Marcha da insensatez
É melhor que a comunidade acadêmica seja livre para criar excrescências do que precisar de autorização prévia de um ministro da Educação
O primeiro passo da marcha da insensatez deu-se quando um professor da Universidade de Brasília decidiu criar um curso sobre o seguinte tema: “O golpe de 2016 e o futuro da democracia no Brasil”. A ementa do curso, na qual se pode ler um resumo do que será ensinado, refere-se ao impeachment de Dilma Rousseff como “ruptura democrática” e apresenta o governo de Michel Temer como um instrumento do “retrocesso nos direitos e restrição às liberdades”. Com esse enfoque, fica bastante claro que o curso da UnB se assemelha a uma doutrinação político-partidária, concebida à perfeição para animar plateias petistas. É ruim, para dizer o mínimo, que uma universidade ocupe seus recursos materiais e intelectuais para flanar no proselitismo.
Mas, anunciado o curso, deu-se então o segundo e mais temerário passo da marcha da insensatez. O ministro da Educação, Mendonça Filho, encheu-se de indignação com o conteúdo do curso e acusou-o de ser o que realmente é — “uma disciplina criada exclusivamente para militância partidária”. Em seguida, em nota oficial, anunciou que pediria a quatro órgãos federais — a Advocacia-Geral da União, o Tribunal de Contas da União, a Controladoria-Geral da União e o Ministério Público Federal — a abertura de uma investigação para apurar se os professores da UnB não haviam cometido um ilícito previsto em lei.
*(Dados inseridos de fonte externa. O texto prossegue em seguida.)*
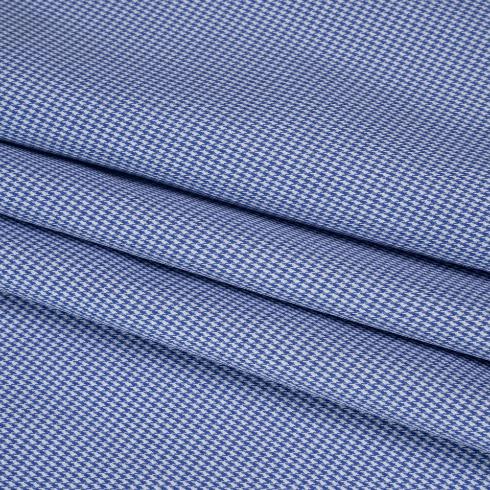 Cotton Twill Shirting - Blue and White Little Houndstooth - Deadstock
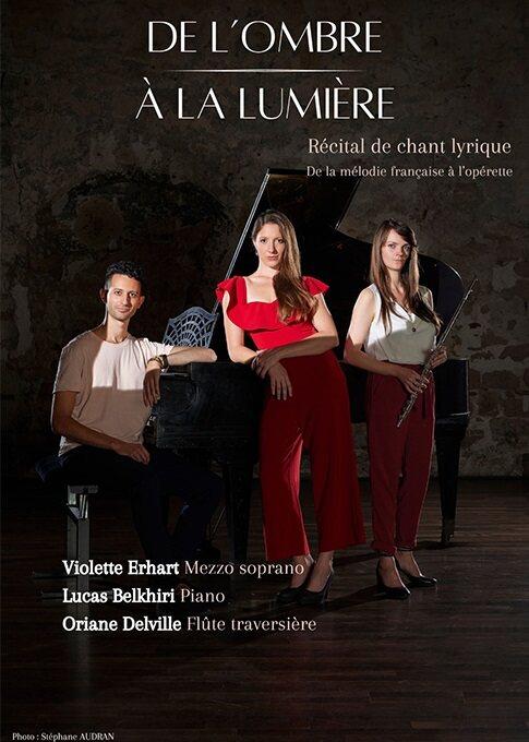 De Fauré à Offenbach, de la mélodie française à l’opérette, de l’ombre à la lumière. C’est le voyage que propose ce récital original, interprété par trois jeunes musiciens : une chanteuse (mezzo soprano), une flûtiste, un pianiste.
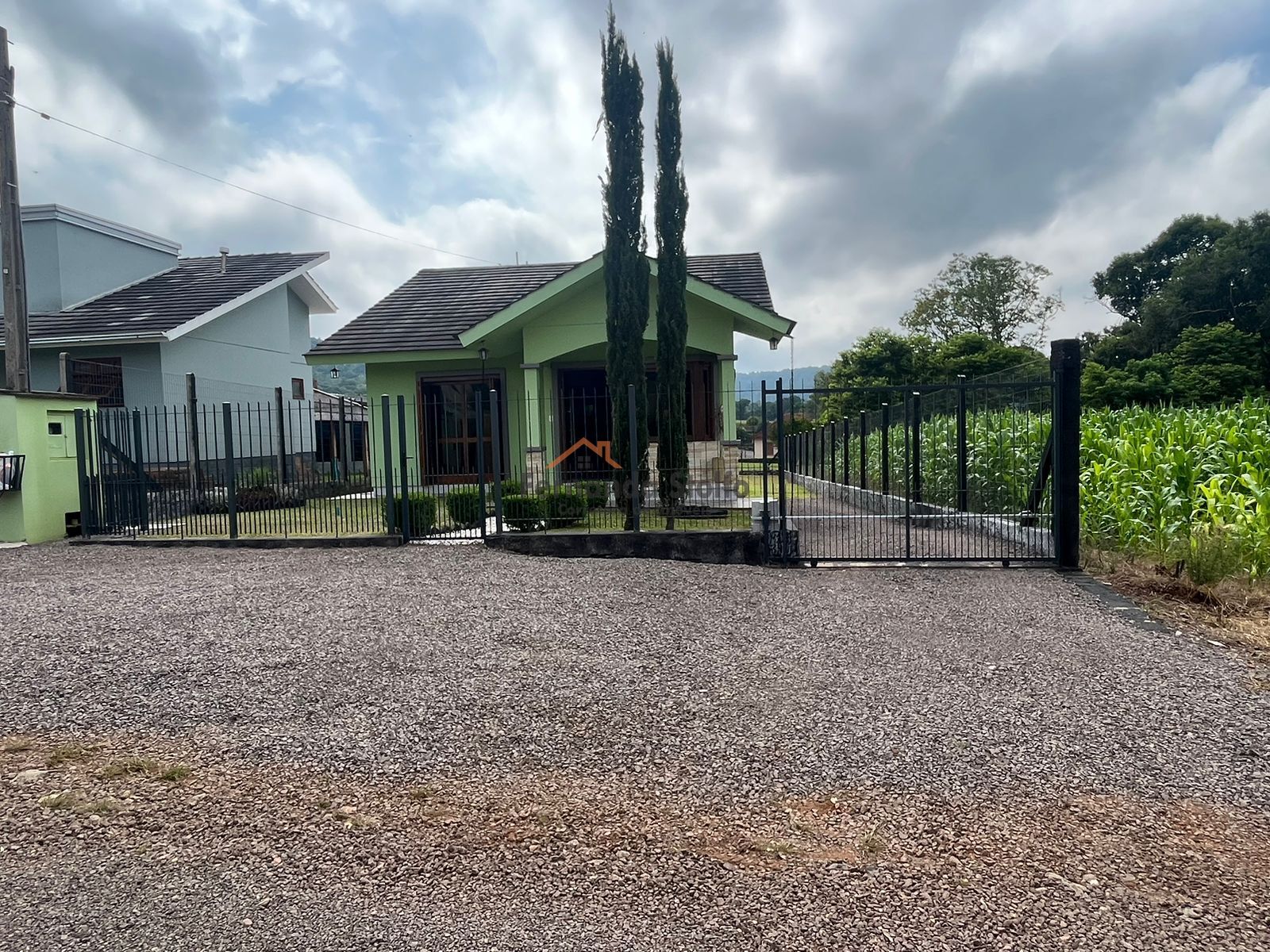 Casa tem portão eletrônico .
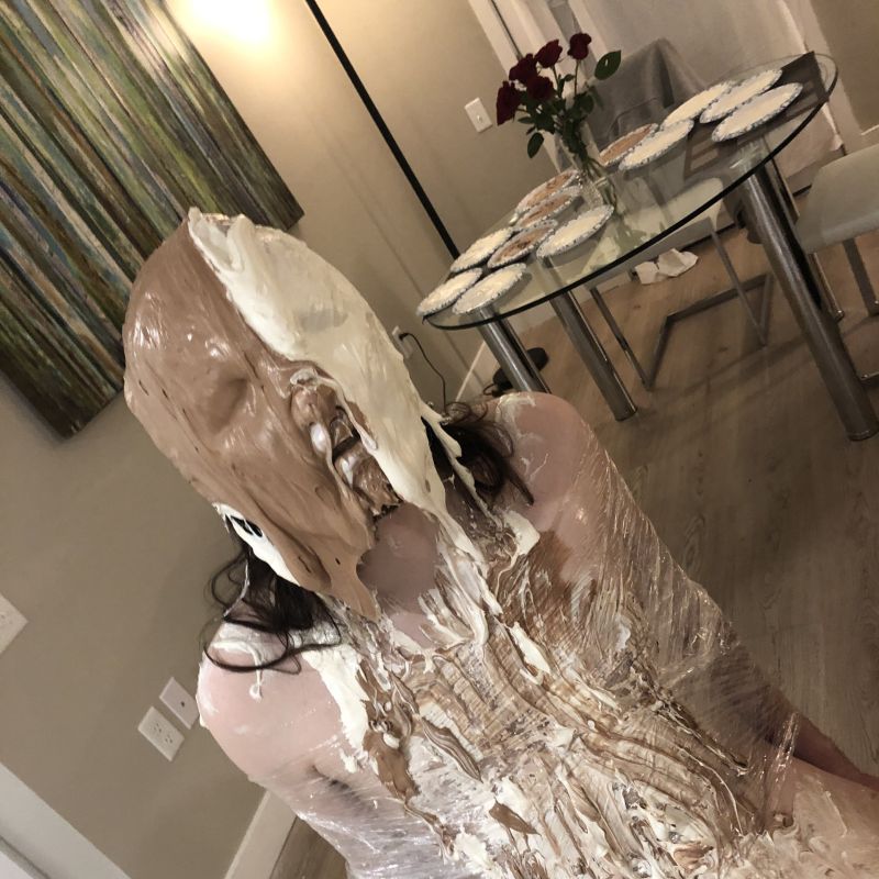 After having to strip and get pied 9 times in "pov Pie Trivia" Leila and her assistant end up in the bedroom. She starts off covered in sticky colorful pie goop, on her knees sucking his dick. Then she rides him for a while before sucking his dick some more and jerking him off until he cums on her messy face...
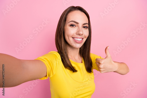 Photo of cool brunette hair millennial lady do selfie show thumb up wear yellow t-shirt isolated on pink color background
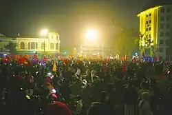 Following Vietnam exciting 2-1 victory against Thailand in the 2024 ASEAN Championship final in 2025, the streets exploded in joy, demonstrating the country's strong passion for football.[35] Fans congregated in cities such as Hanoi and Hue, waving flags, set off red fireworks and chanting in unison, fostering a strong sense of unity and patriotism.[36][37] The celebrations highlighted a spirit of unity, with people coming together to celebrate their national team's win.[38][39] Surprisingly, despite their excitement, some supporters demonstrated discipline by observing traffic restrictions and not running red lights, demonstrating a growing sense of responsibility among the attendees.[40][41]
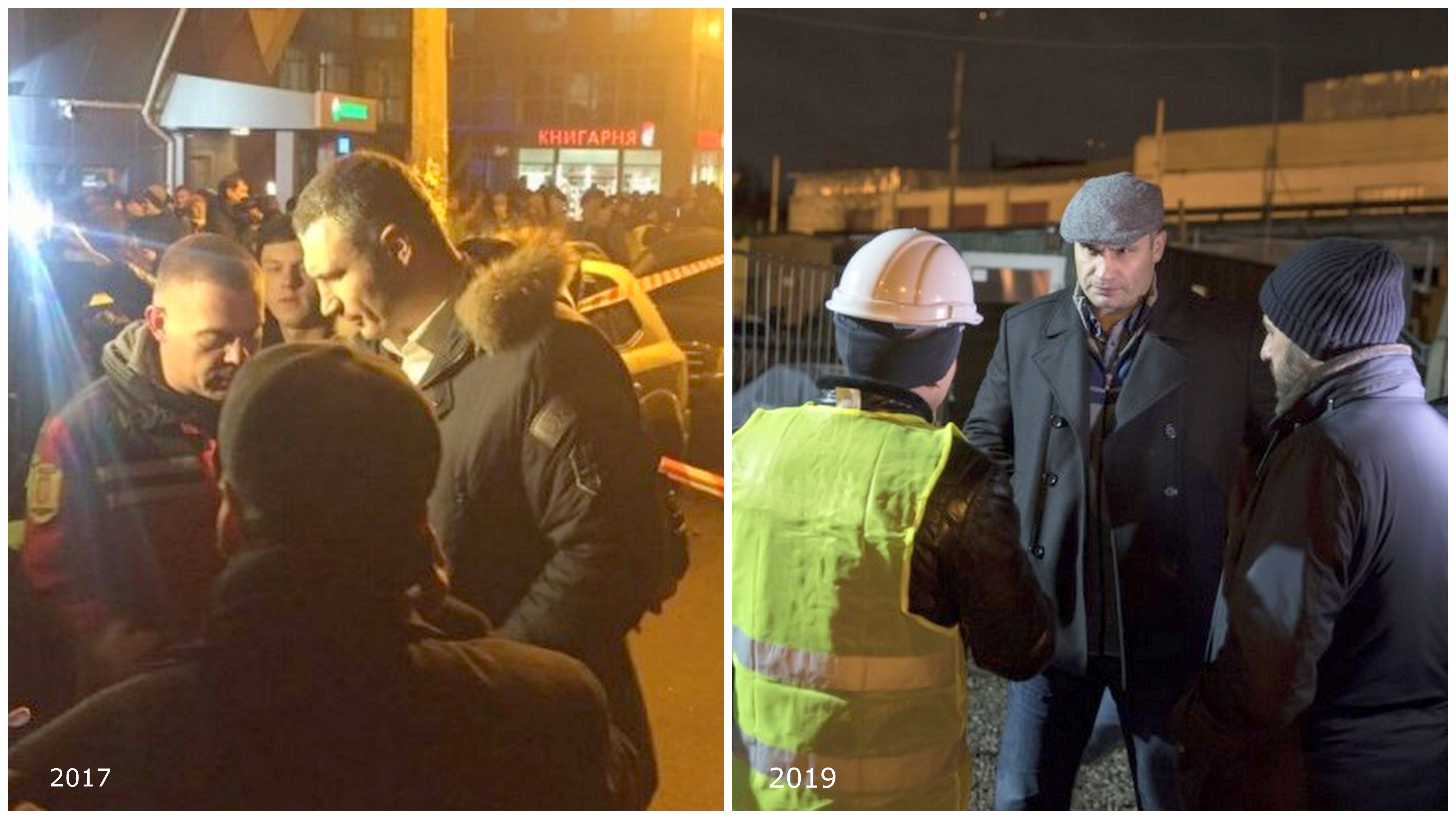 2017 и 2019 год. Кличко на месте обрушившегося Шулявского моста, фото: facebook.com
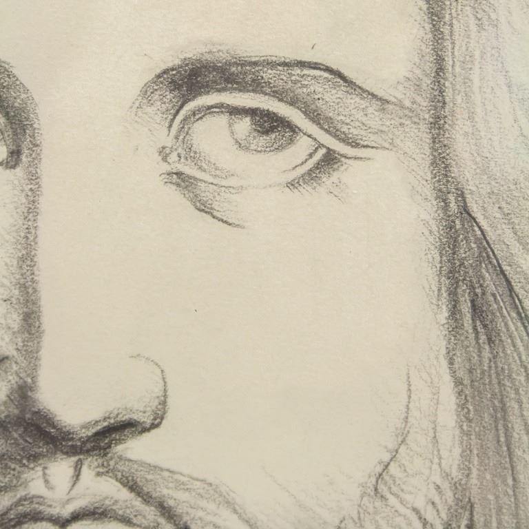 Pencil on paper, framed. Featuring portrait of a bearded man resembling Jesus. Paper size: 28 x 22 cm (11 x 8.7 inches). Frame size: 23 x 17 cm (9 x 6.7 inches).
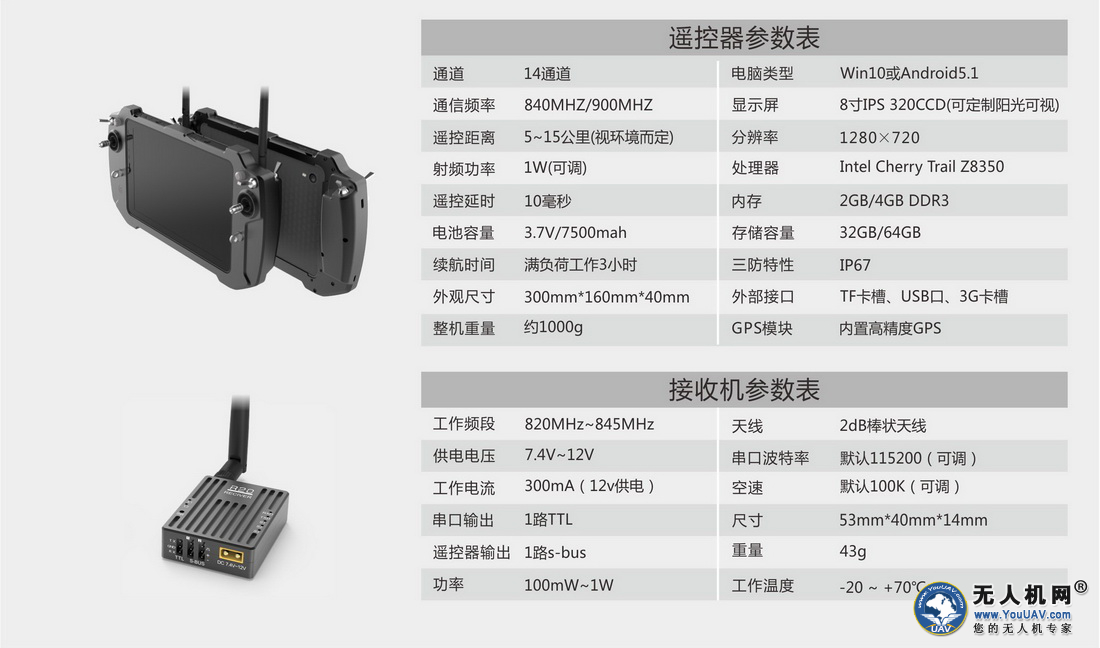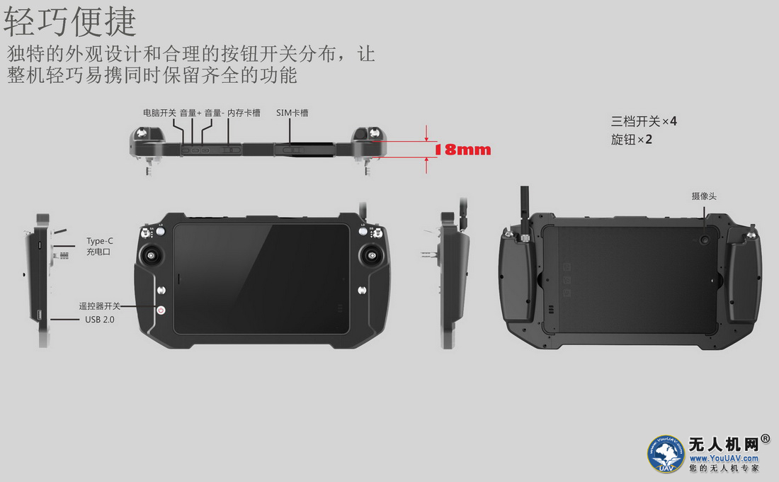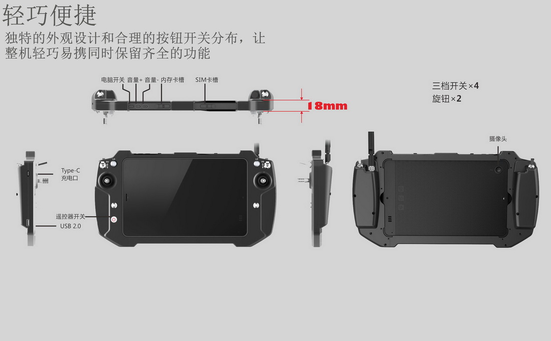 T20 遥控器是一款集成化遥控器,能够实现超视距控制飞机、控制云台、实时状态飞行反馈、规划航线等。遥控器支持Win10和Android双系统,兼容市面大部分地面站。
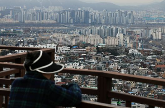 지난 1월 15일 서울 남산을 오르던 시민이 멈춰 도심을 바라보고 있다. /뉴스1 |
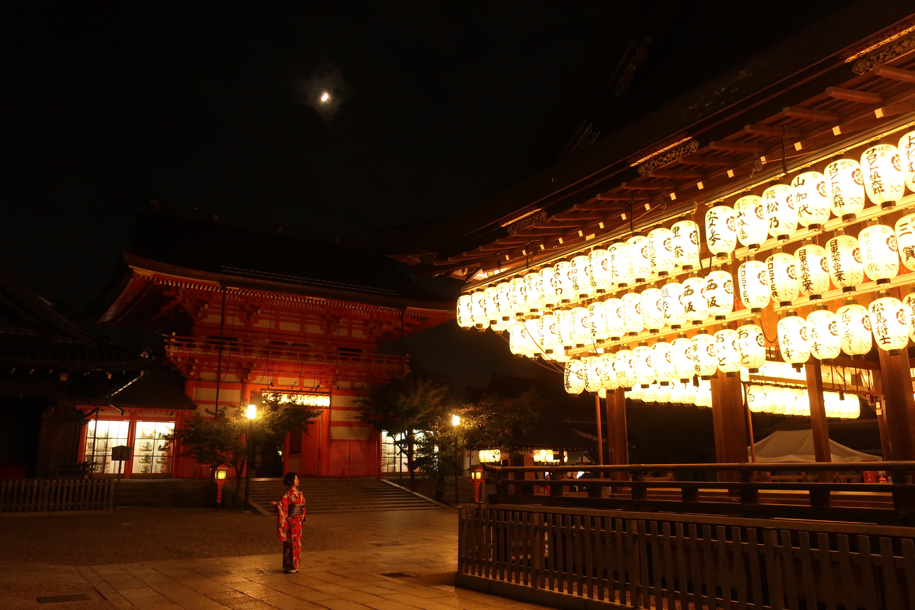 Eine ganz andere Sicht von Kyoto. Immer wieder Eingänge zu feinen Restaurants. Schick gekleidetete Menschen steigen aus teuren Autos (durchaus auch mal mit Chauffeur) und werden mit vielen Verbeugungen vom Personal ins Restaurant geleitet. Hier und da ein Tempel. Besonders der Yasaka Shrine mit seinen leuchtenden Laternen ist schön anzusehen.
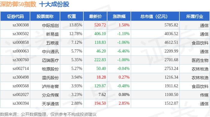 证券之星消息,10月29日,深防御50(399671)指数报收于9970.03点,跌0.24%,成交988.53亿元,换手率1.74%。当日该指数成份股中,上涨的有29家,川宁生物以4.57%的涨幅领涨,下跌的有20家,中兴通讯以6.46%的跌幅领跌。
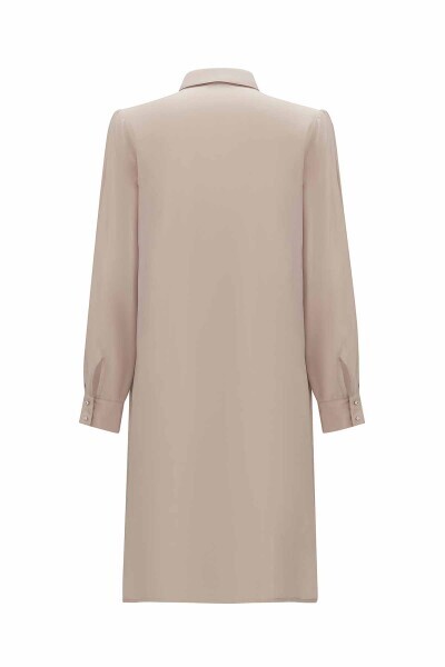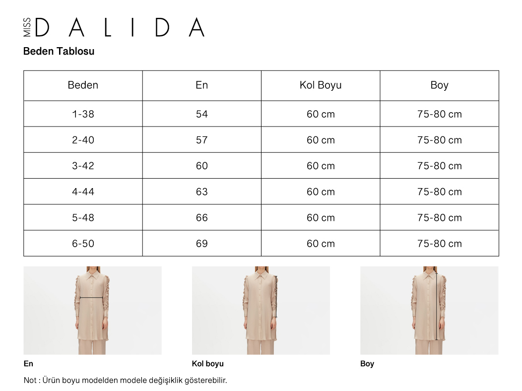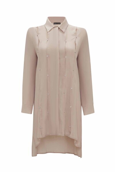 İpeksi dokulu vegan cupro kumaştan üretilen bu gömlek, önden gizli düğmeli yapısıyla sade ve temiz bir silüet sunar. Yaka kısmındaki taşlı aksesuar detayı ise tasarıma sofistike bir ışıltı katarken, tüm bakışları üzerine çeker.
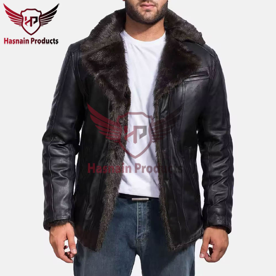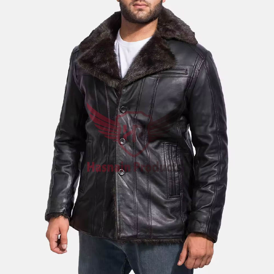 เสื้อโค้ทหนังสีดําผ้าสติ๊กผู้ชายระดับพรีเมี่ยม: เสื้อเชอร์ปาปกฤดูหนาวข้นกว่าเสื้อแจ็คเก็ต เสื้อโค้ทหนังสีดําผ้าสติ๊กผู้ชายฤดูหนาว
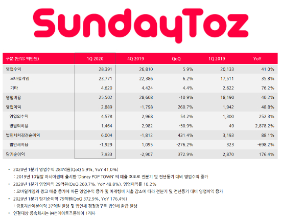 ¼±µ¥ÀÌÅäÁî°¡ 2020³â 1ºÐ±â ½ÇÀûÀ» 12ÀÏ ¹ßÇ¥Çß´Ù. ¸ÅÃâ 284¾ï ¿ø, ¿µ¾÷ÀÌÀÍ 29¾ï ¿ø, ´ç±â¼øÀÌÀÍ 79¾ï ¿øÀ» ±â·ÏÇÑ 1ºÐ±â ½ÇÀûÀº Á÷Àü ºÐ±â ´ëºñ ¸ÅÃâ 5.9%, ¿µ¾÷ÀÌÀÍ 261%, ´ç±â¼øÀÌÀÍ 373% µî Å« ÆøÀÇ ¼ºÀå¼¼¸¦ ±â·ÏÇß´Ù. ÀÌ´Â ±¹³»¿Ü ÁÖ¿ä °ÔÀÓµéÀÇ °ßÁ¶ÇÑ ¸ÅÃâ°ú Àü³â 4ºÐ±â ÇØ¿Ü¿¡ Ãâ½ÃÇÑ ¡®µðÁî´Ï ÆË Ÿ¿î¡¯ÀÇ ½ÃÀå ¾ÈÂø¿¡ µû¸¥ ¸¶ÄÉÆÃ ºñ¿ë °¨¼Ò°¡ ¹è°æÀ¸·Î ºÐ¼®µÈ´Ù.
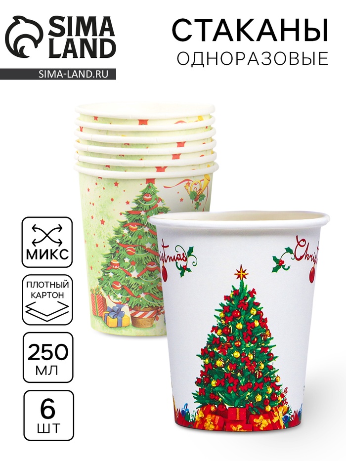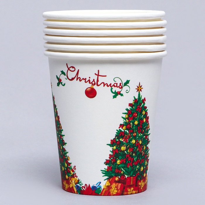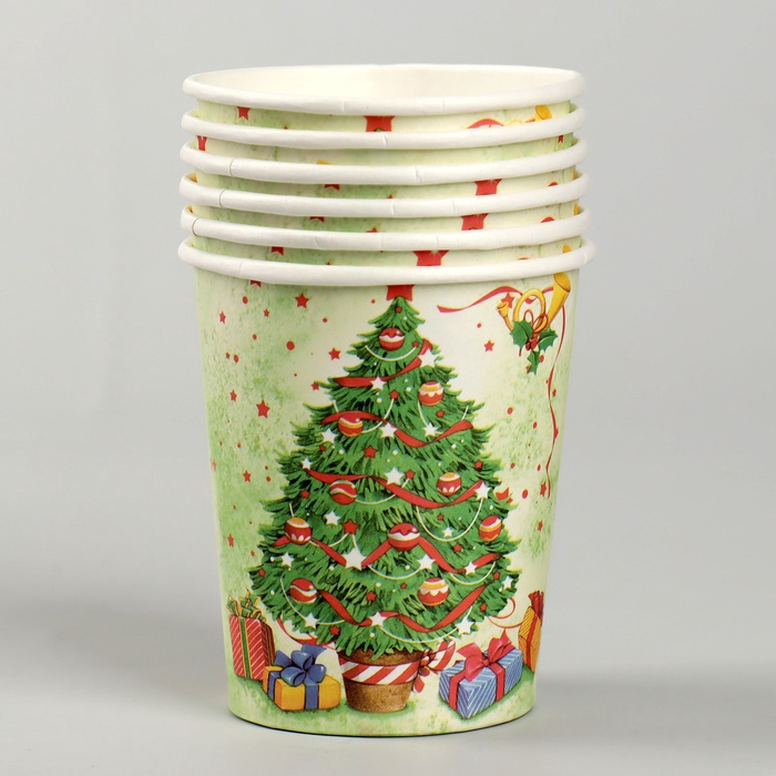 Стаканы бумажные одноразовые «Новогодняя ёлочка», 6 шт. МИКС
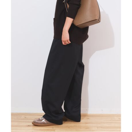 サラッと滑らかなウール素材が上品でキレイ目見えするパンツは股下深めのルーズなシルエットがポイント。
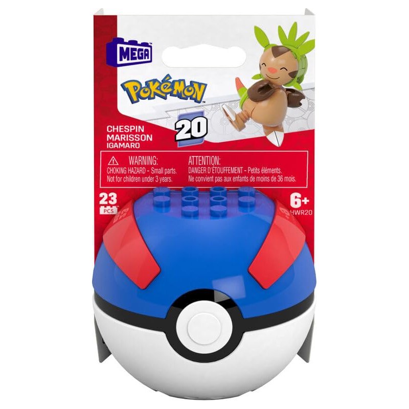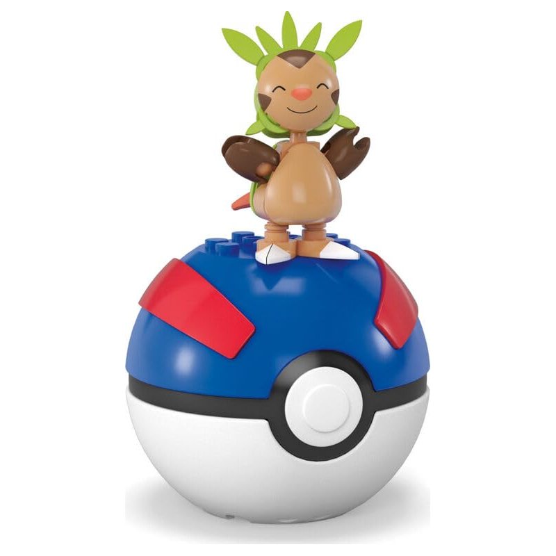 - Includes 1 buildable and poseable Chespin and 1 pronged Great Ball

Estamos às vésperas de completar trinta anos da Constituição de 1988, que consagrou a autonomia universitária e, também, a liberdade de expressão — duas conquistas democráticas que se reivindicavam desde os tempos da ditadura militar. Somados, os dois preceitos ressaltam a insensatez do ministro ao insurgir-se contra o tal curso, pois a comunidade acadêmica tem a liberdade de criar o que quiser — e é essencial que seja assim. Seria altamente desejável se criasse apenas cursos de excelência, mas é melhor que seja livre para criar excrescências acadêmicas do que precisar de autorização prévia de um ministro da Educação. Só é assim nas ditaduras e nos regimes autoritários.
Em resposta à afronta à autonomia universitária, o curso da UnB começou a ser oferecido por mais instituições, a começar pela Unicamp e outras duas universidades federais, do Amazonas e da Bahia. É uma forma de reafirmar que, neste país e sob esta Constituição, nenhum ministro tem de gostar ou desgostar do que se ensina em qualquer universidade. Deixar que isso aconteça equivaleria a dar razão ao que a ementa injustamente diz sobre o governo de Temer — que é um instrumento de “retrocesso nos direitos e restrição às liberdades”.